Accurate placement of cannulated screws is essential to ensure fixation of medial femoral neck fractures. The conventional technique may require multiple guide wire passes, and relies heavily on fluoroscopy. A computer-assisted planning and navigation system based on 2D fluoroscopy for guide wire placement in the femoral neck has been developed to improve screw placement. The planning process was supported by a tool that enables a virtual radiation-free preview of X-ray images. This is called “zero-dose C-arm navigation”. For the evaluation of the system, six formalin-fixed cadaveric full-body specimens (12 femurs) were used. The evaluation demonstrated the feasibility of fluoroscopically navigated guide wire and implant placement. Use of the novel system resulted in a significant reduction in the number of fluoroscopic images and drilling attempts while achieving optimized accuracy by attaining better screw parallelism and enlarged neck-width coverage. Operation time was significantly longer in the navigation assisted group. The system has yielded promising initial results; however, additional studies using fractured bone models and with extension of the navigation process to track two bone fragments must be performed before integration of this navigation system into the clinical workflow is possible, and these studies should focus on reducing the operation time.

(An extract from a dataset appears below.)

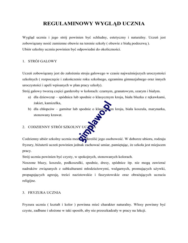 REGULAMINOWY WYGLĄD UCZNIA Wygląd ucznia i jego strój powinien być schludny, estetyczny i naturalny. Uczeń jest zobowiązany nosić zamienne obuwie na terenie szkoły ( obuwie z białą podeszwą ). Ubiór szkolny ucznia powinien być odpowiedni do okoliczności. 1. STRÓJ GALOWY Uczeń zobowiązany jest do założenia stroju galowego w czasie najważniejszych uroczystości szkolnych ( rozpoczęcie i zakończenie roku szkolnego, egzaminu gimnazjalnego oraz innych uroczystości i apeli wpisanych w plan pracy szkoły). Strój galowy tworzą części garderoby w kolorach: czarnym, granatowym, szarym i białym. a) dla dziewcząt – spódnica lub spodnie o klasycznym kroju, biała bluzka z rękawkami, o.p l żakiet, kamizelka, stonowany krawat. pla w b) dla chłopców – garnitur lub spodnie o klasycznym kroju, biała koszula, marynarka, gim 2. CODZIENNY STRÓJ SZKOLNY UCZNIA Codzienny ubiór szkolny ucznia może podkreślić jego osobowość. W doborze ubioru, rodzaju fryzury, biżuterii uczeń powinien jednak zachować umiar, pamiętając, że szkoła jest miejscem pracy. Strój ucznia powinien być czysty, w spokojnych, stonowanych kolorach. Noszone bluzy, koszule, podkoszulki, spodnie, dresy, spódnice itp. nie mogą zawierać nadruków związanych z subkulturami młodzieżowymi, wulgarnych, promujących używki, propagujących agresję, treści nazistowskie i faszystowskie oraz obrażających uczucia religijne. 3. FRYZURA UCZNIA Fryzura ucznia ( kształt i kolor ) powinna mieć charakter naturalny. Włosy powinny być czyste, zadbane i ułożone w taki sposób, aby nie przeszkadzały w pracy na lekcji. 4. OZDOBY I BIZUTERIA Dziewczęta nie powinny stosować makijażu ani malować paznokci. Biżuteria oraz wszelkie elementy dekoracyjne nie mogą mieć subkulturowych ani agresywnych akcesów. Dopuszczalne jest noszenie delikatnych ozdób na szyi i przegubach, małych pierścionków. Dziewczęta mogą nosić skromne kolczyki ( po jednym kolczyku w opuszku ucha). Z uwagi na bezpieczeństwo biżuterię powinno zdejmować się na lekcjach wychowania fizycznego. 5. ZABRANIA SIĘ : farbowania i przesadnego żelowania włosów, • stosowania makijażu, • noszenia tipsów, długich paznokci oraz ich malowania, • posiadania tatuaży, • noszenia gadżetów militarnych, • noszenia ekstrawaganckich ozdób oraz kolczyków wpinanych w ciało w różnych pla w o.p l • miejscach oprócz ucha i w różnych ilościach, ubierania zbyt krótkich spódnic lub szortów , • noszenia ubiorów przezroczystych, odsłaniających bieliznę, ramiona, plecy, brzuch, głębokich dekoltów, • gim • zakładania czapek lub innych okryć głowy, okularów przeciwsłonecznych. Wygląd zewnętrzny ucznia nie może mieć wpływu na oceny z przedmiotu. Za nieprzestrzeganie przepisów dotyczących wyglądu i stroju uczeń otrzymuje punkty ujemne zgodnie z zasadami oceniania zachowania. Uwagi nauczyciela dotyczące niewłaściwego wyglądu ucznia powinny być skierowane do niego indywidualnie. Nierespektowanie ich powoduje zastosowanie postanowień regulaminowych zawartych w Statucie Szkoły. W sytuacjach konfliktowych dotyczących wyglądu ucznia decyzje podejmuje Dyrektor.

• Computer assisted surgery, fluoroscopy, navigation, fracture fixation

Introduction

The incidence of surgery in patients with hip fractures is increasing with the demographic increase in geriatric patients [1]. Closed reduction and internal fixation with three screws forming an equilateral triangle is an accepted method for the surgical treatment of medial femoral neck fractures [2], [3]. Exact screw placement with a wide screw spread enables a biomechanically stable fixation, and the number of drilling attempts should be kept to a minimum as this might weaken the cortical and cancellous bone and lead to subtrochanteric fractures [4], [5]. Adhering to these guiding principles requires extensive fluoroscopic radiation exposure, however, and the extensive use of fluoroscopy is a concern for both the patient and the operating team [6], [7]. Nevertheless, despite good results with this technique, primary incorrectly positioned screws and secondary fracture dislocations have been reported in 10-50% of cases [8], [9]. Furthermore, the need to rotate the C-arm fluoroscope in order to visualize the anteroposterior (AP) and lateral plane of the proximal femur may prolong the operation time and endanger sterility.

Computer-assisted navigation has been used in trauma surgery to improve the accuracy of guide wire placement for positioning cannulated screws and dynamic hip screws (DHS) while reducing the number of drilling attempts and radiation exposure [10–13]. Although a significant reduction in fluoroscopy time has been reported, more than two X-ray images were usually necessary to achieve optimal orientation of the AP and lateral projections of the proximal femur for planning the guide wire position [10–13].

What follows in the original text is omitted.